The government had begun printing census forms, the Commerce Department had publicly announced its legal surrender, and Justice Department lawyers had rested their case in court. But President Trump wasn’t ready to give up the fight.
With a tweet that sent much of his administration scrambling over the Fourth of July holiday, Trump decided to unilaterally revive the government’s attempt to add a citizenship question to the 2020 Census.
It’s a move that fits into a long pattern of Trump going to the mat — and occasionally overruling his own administration — to force a fight over polarizing issues.
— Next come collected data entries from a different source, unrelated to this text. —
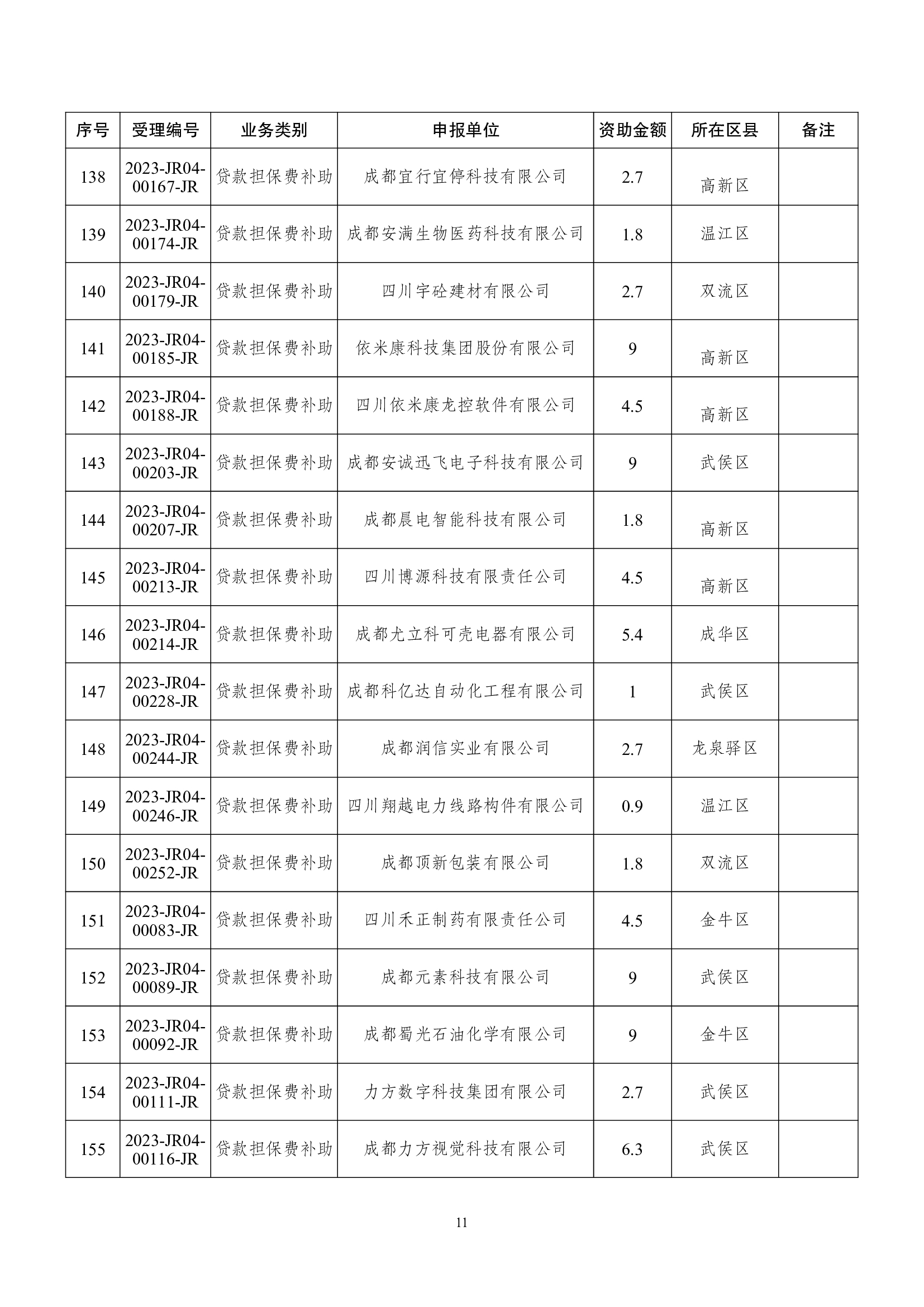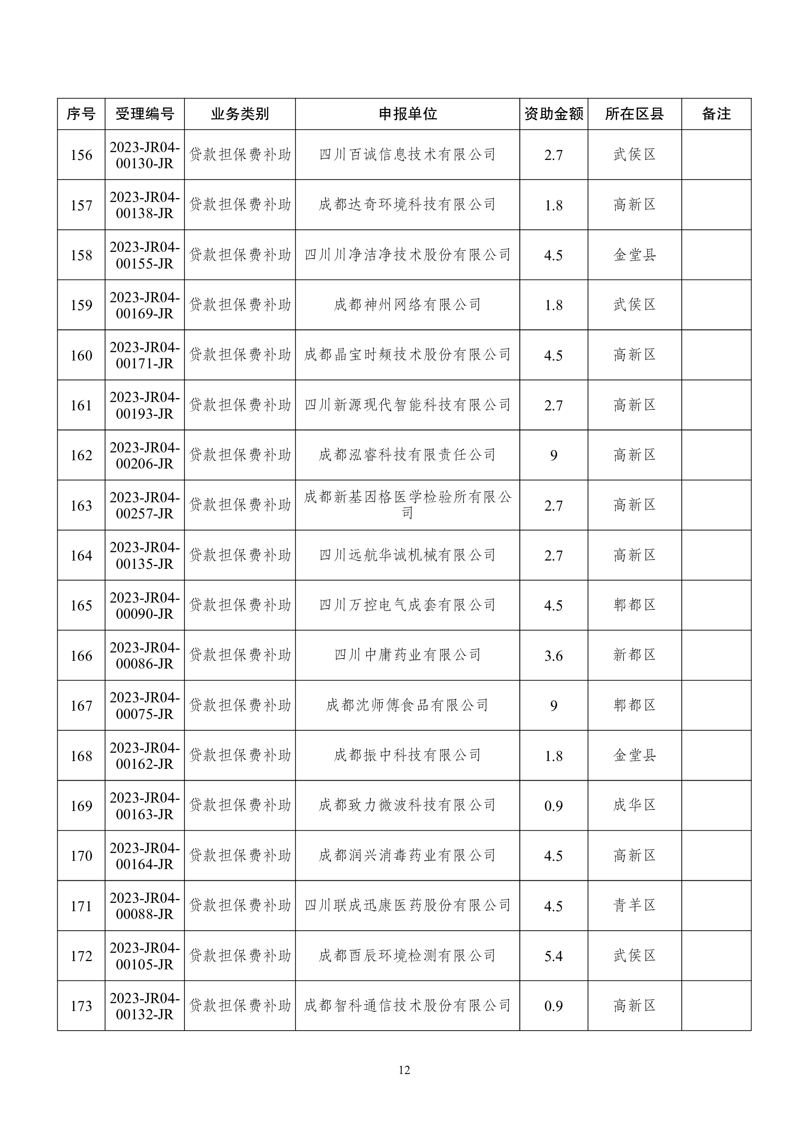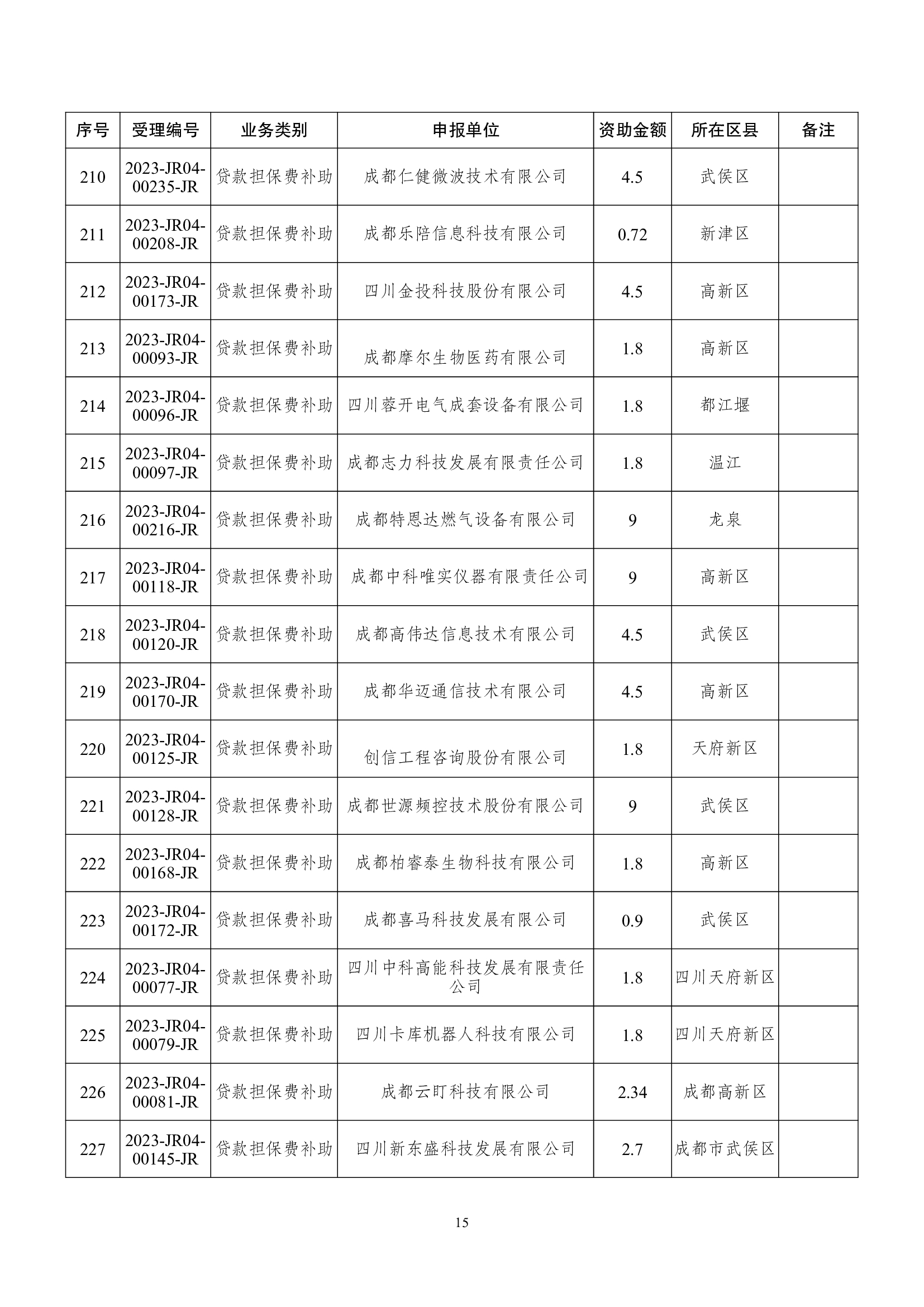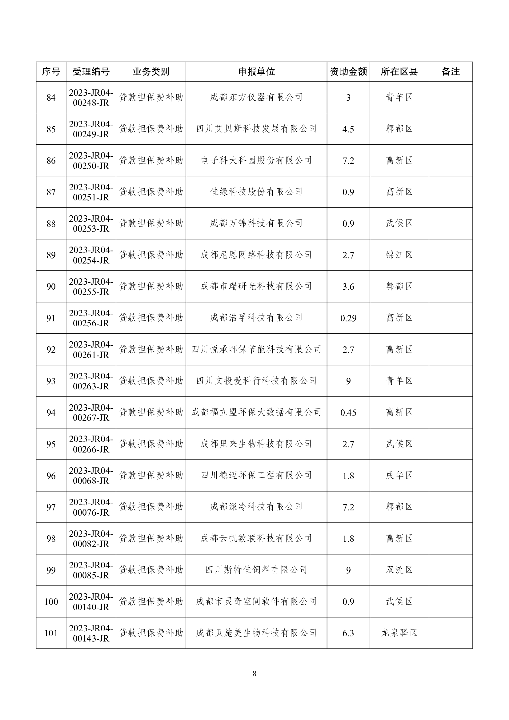 2023年成都市第二批科技型企业科技金融资助项目立项公告(成科规〔2023〕12号)
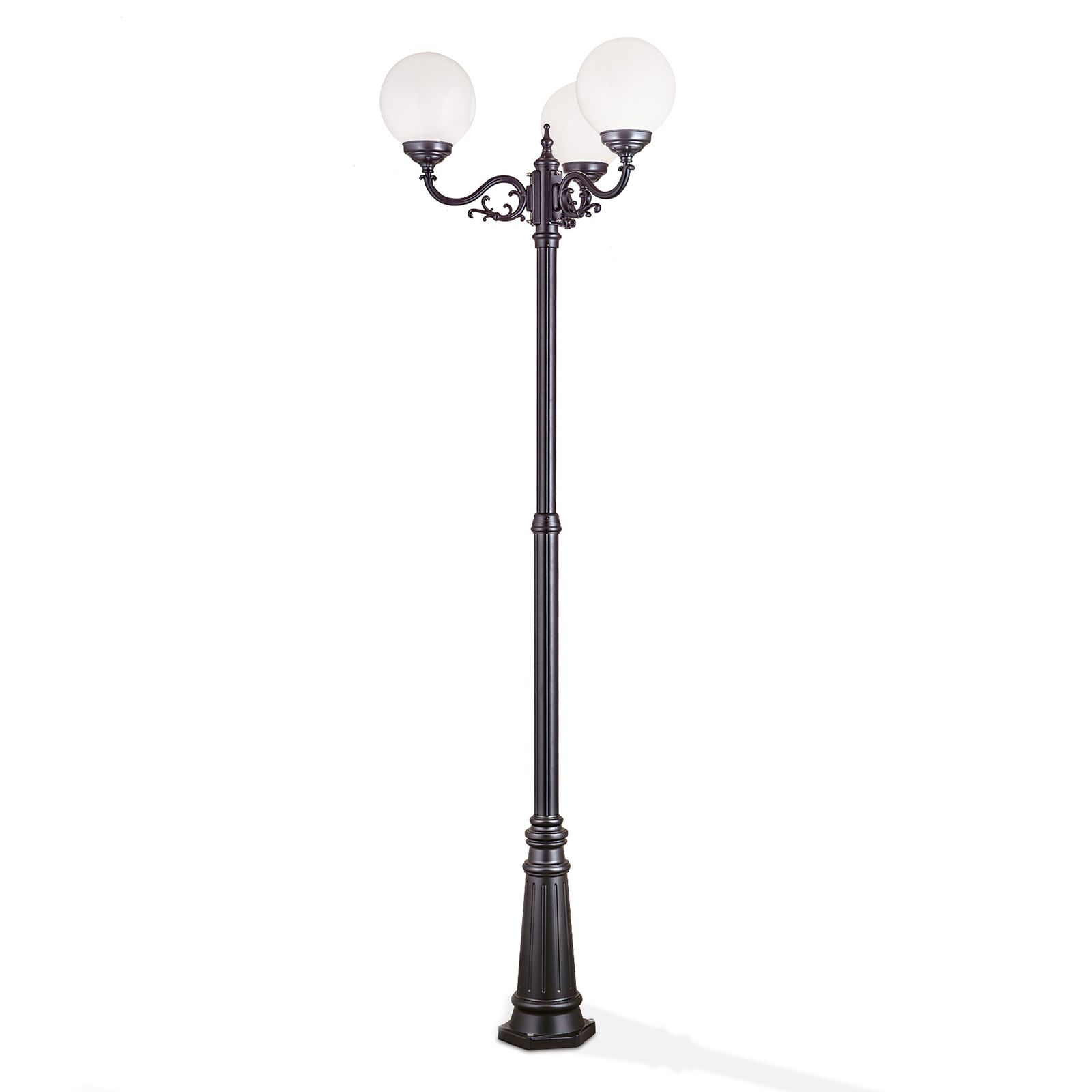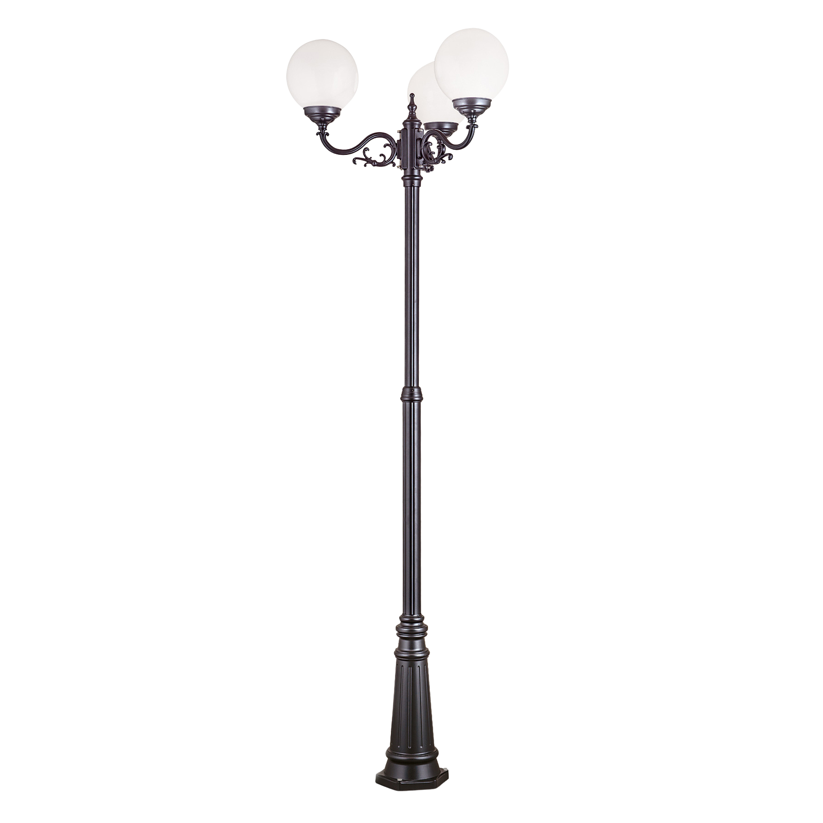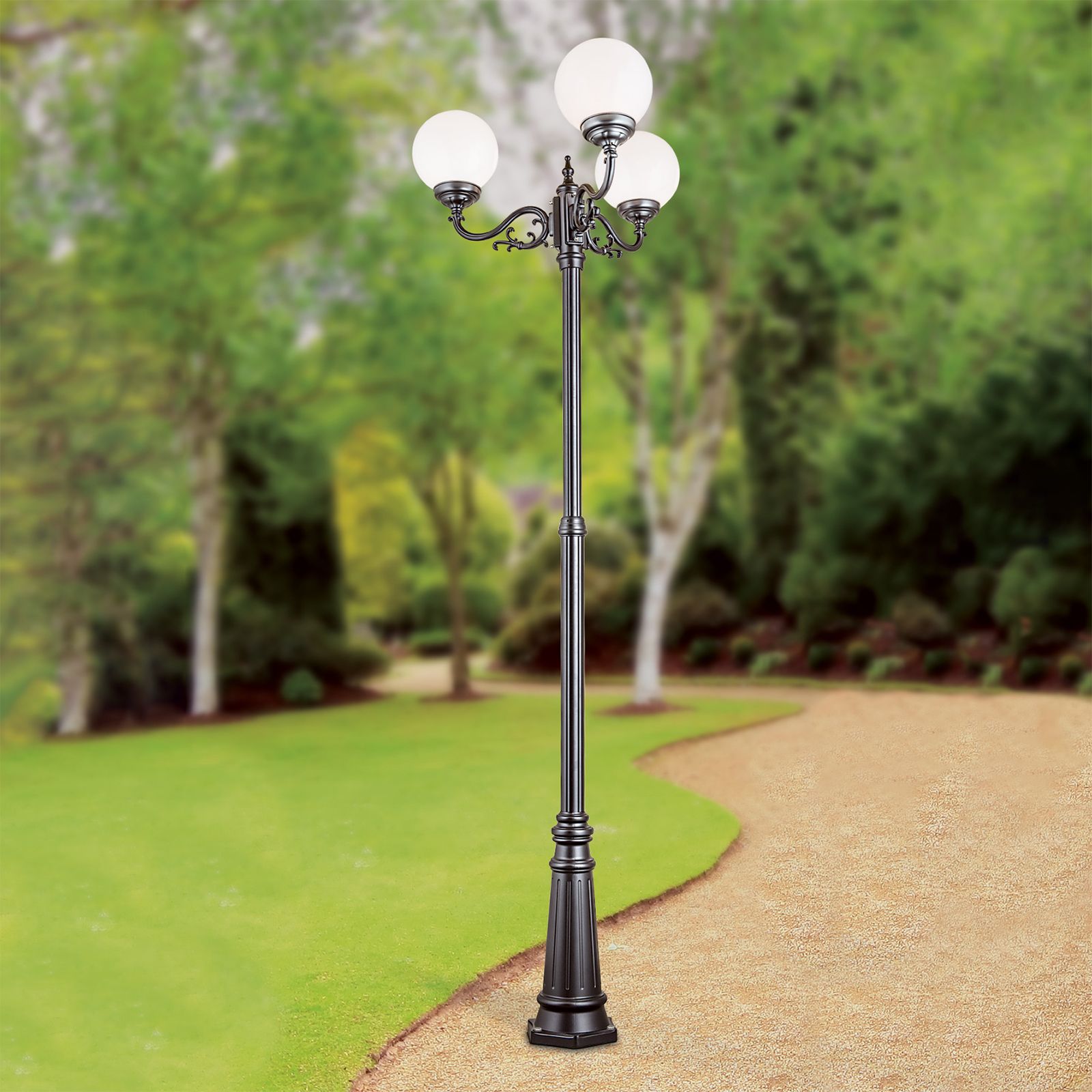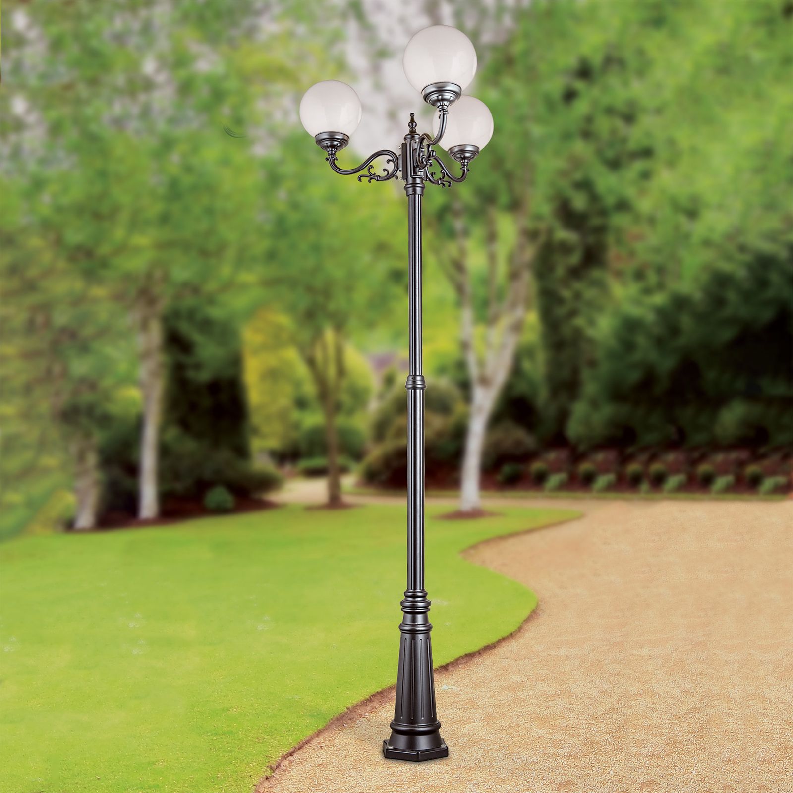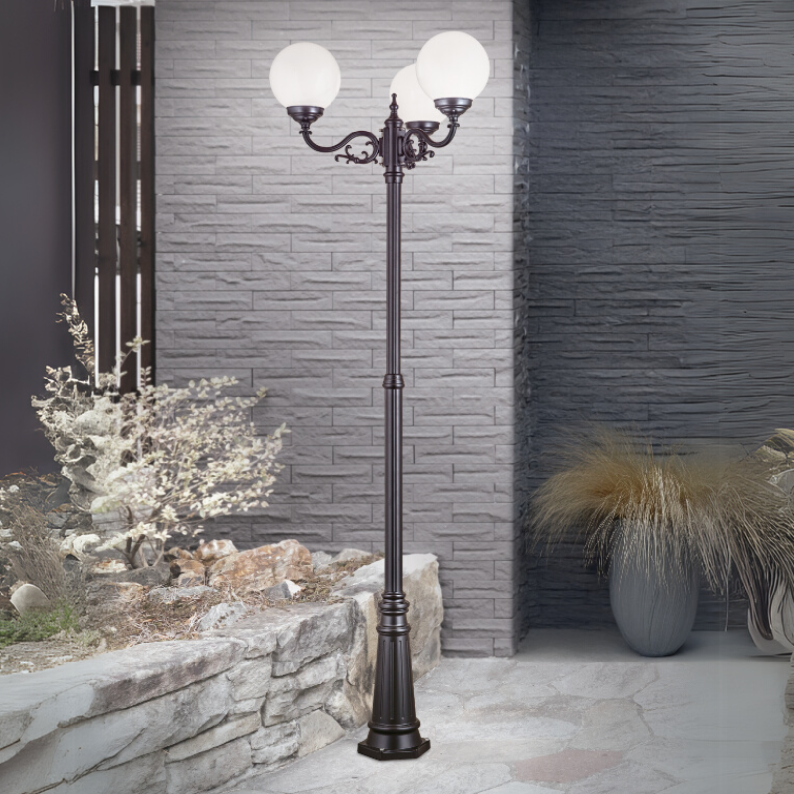Bei der dreiflammigen Mastleuchte REIKA handelt es sich um eine dekorative Außenleuchte, die sich hervorragend als Orientierungslicht an einem Wegrand eignet. Mit dem dezenten, aber auch märchenhaften Design sorgt sie für eine gute Beleuchtung im gewünschten Bereich und bringt somit auch mehr Sicherheit im Dunkeln. Auf ihrem Mast sind drei opal-glänzende Acrylglaskugeln im gleichen Abstand zueinander befestigt, die für eine gleichmäßige und angenehme Lichtverteilung sorgen. Die Leuchte ist mit einem Phasenanschnittdimmer dimmbar, wenn das Variieren der Helligkeit erwünscht ist. Ausgestattet ist sie mit drei E27-Fassung und kann mit maximal 75 Watt bestückt werden. LED-Lampen sind die ideale Ergänzung für diese Mastleuchte, um den Energie- und Wartungsaufwand niedrig zu halten.
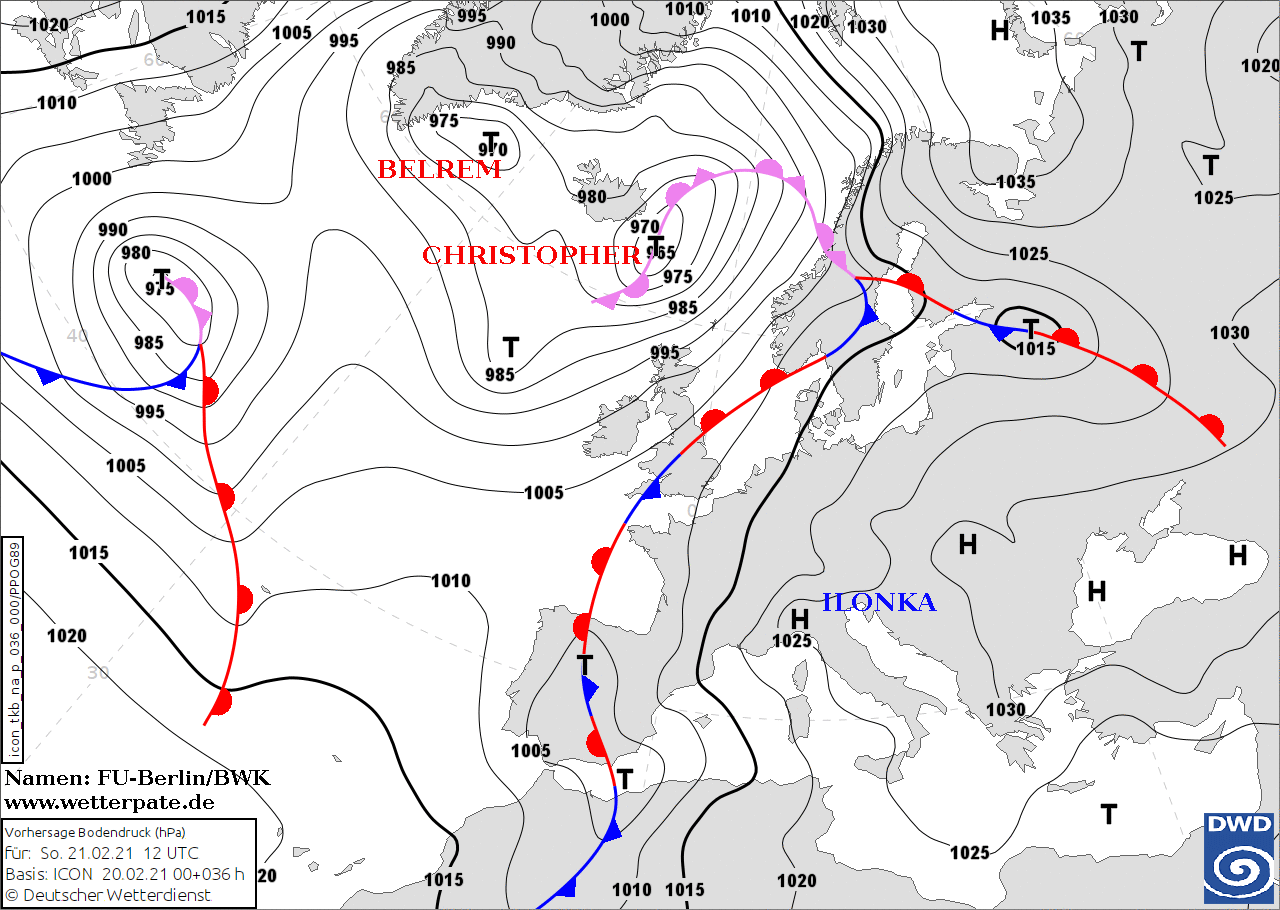 Noms des dépressions et anticyclones prévus pour dimanche 21 février 2021 à midi (Berlin)

While the strategy has so far yielded mixed results, it nonetheless allows Trump to cast himself as a relentless change agent — an image that has become central to his reelection bid.
“We’re fighting very hard against the system, that’s a very difficult system but we’ll make a decision,” Trump told reporters Friday, adding that he was “thinking of” issuing an executive order to add the citizenship question to census forms.
The Trump administration, which told a federal court Friday that it would reverse its plans and continue pursuing the citizenship question, faces long odds. The Supreme Court recently blocked the government from moving ahead with asking about citizenship, after saying the administration’s stated rationale was “contrived.”
Stung by that legal rebuke, and facing fast-arriving deadlines to move forward with the constitutionally mandated census, Trump’s government publicly decided to drop its effort to add the citizenship question. On Tuesday, Commerce Secretary Wilbur Ross, who oversees the decennial population tally, said the administration was abandoning its effort and had begun printing the census forms without the citizenship question.
But the appearance of a premature surrender — and the backlash it caused among conservatives — was enough to cause Trump to intervene.
“The News Reports about the Department of Commerce dropping its quest to put the Citizenship Question on the Census is incorrect or, to state it differently, FAKE!” Trump tweeted Wednesday. “We are absolutely moving forward, as we must, because of the importance of the answer to this question.”
In December, after Trump’s congressional negotiators had agreed to support a bipartisan spending deal to keep the government open — without providing funding for building new border barriers — Trump overruled them.
A 35-day partial government shutdown ensued, with the president and lawmakers locked in a stalemate over border-wall funding. Trump used the battle to attempt to bolster his political prospects, running digital ads to inform voters about his hard-line position.
When Trump did finally agree to give in and sign a spending bill, he coupled his surrender with the announcement of a national emergency declaration that he said would allow the government to repurpose existing funds to build the wall.
Several federal judges have since ruled against Trump’s effort to spend taxpayer money without congressional approval.